Personally, it is the politicized way the government figures are derived and then presented that is dishonest, not the actual point accountants wish to make. And the PBO is just as bad, as his F-35 report demonstrated.
Information on the actual item cost of a system is important. Related costs that may be incurred as a result are important (imagine a totally new weapon that costs only 100 millions, but require us to add 5,000 extra service people). Expected operation and maintenance costs are important (and the underlying hypotheses, such as regular peacetime use vs war time use, etc.). But they must be properly presented so as to not create confusion, which means they must be contextualized into the existing budget plans, and not be allowed to be all added up into a single "total life cycle cost" figure that scares everyone.
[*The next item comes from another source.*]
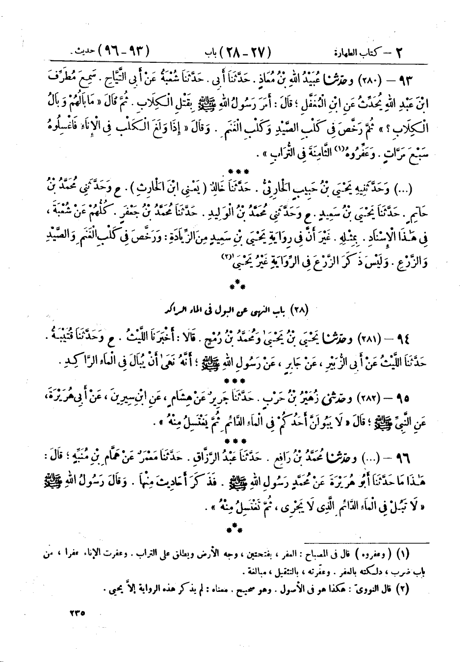 28 - بَابُ النَّهْيِ عَنِ البوْلِ فِي المَاءِ الرَّاكدِ

So for instance, in the shipbuilding case, you would say something like: The AOPS will cost $900M each to build (item cost); during the seven years covered by construction, expenditures are expected to be "a" in year one, "b" in year two, etc. resulting in no increase in the Cf capital budget in year one and two, then $100M increase in capital budget of year three, etc (this contextualizes by indicating the changes only in each year, as other capital projects come to an end or have lower expenditures, etc.); to service the AOPS, we will have to spend $ 250M to build new jetties in Halifax and in Iqaluit (related costs); this will result in spending of "x" in each of the following capital expenditure budget years, with no effect/increases of "y" in those years budget (contextualized); expected O&M costs during the lifetime of the AOPS are expected to be "a" in year "x", "b" in year "y", etc. to the end of service and for normal peacetime use (hypothesis), which represents an increase/decrease of "y" dollars in year "a", etc. etc. and therefore, no change or an increase/decrease of "y" dollars in the overall CF budget for years "a", etc. etc.
This may seem long and convoluted, but the people and the lazy journalist who feed them information (1) would not have an overall scary figure to brandy about and (2) would be able to see immediately not just the specific various cost factors, but their projected effect in every budget year. This last figure being the most important one.
This information exists, but it is currently buried in complex budget calculation internal to the department only, and the journalists don't usually go looking for them: The single total cycle cost figure is much larger and therefore more spectacular for the journalists. It sells more paper to say "The Canadian Navy fleet renewal will cost taxpayers $100b" than to say "The Canadian Navy fleet renewal will require a 2% annual increase in the CF capital acquisition budget for the next five years, remaining at that level thereafter but will not require increases in the annual defence budget otherwise, corrected for inflation."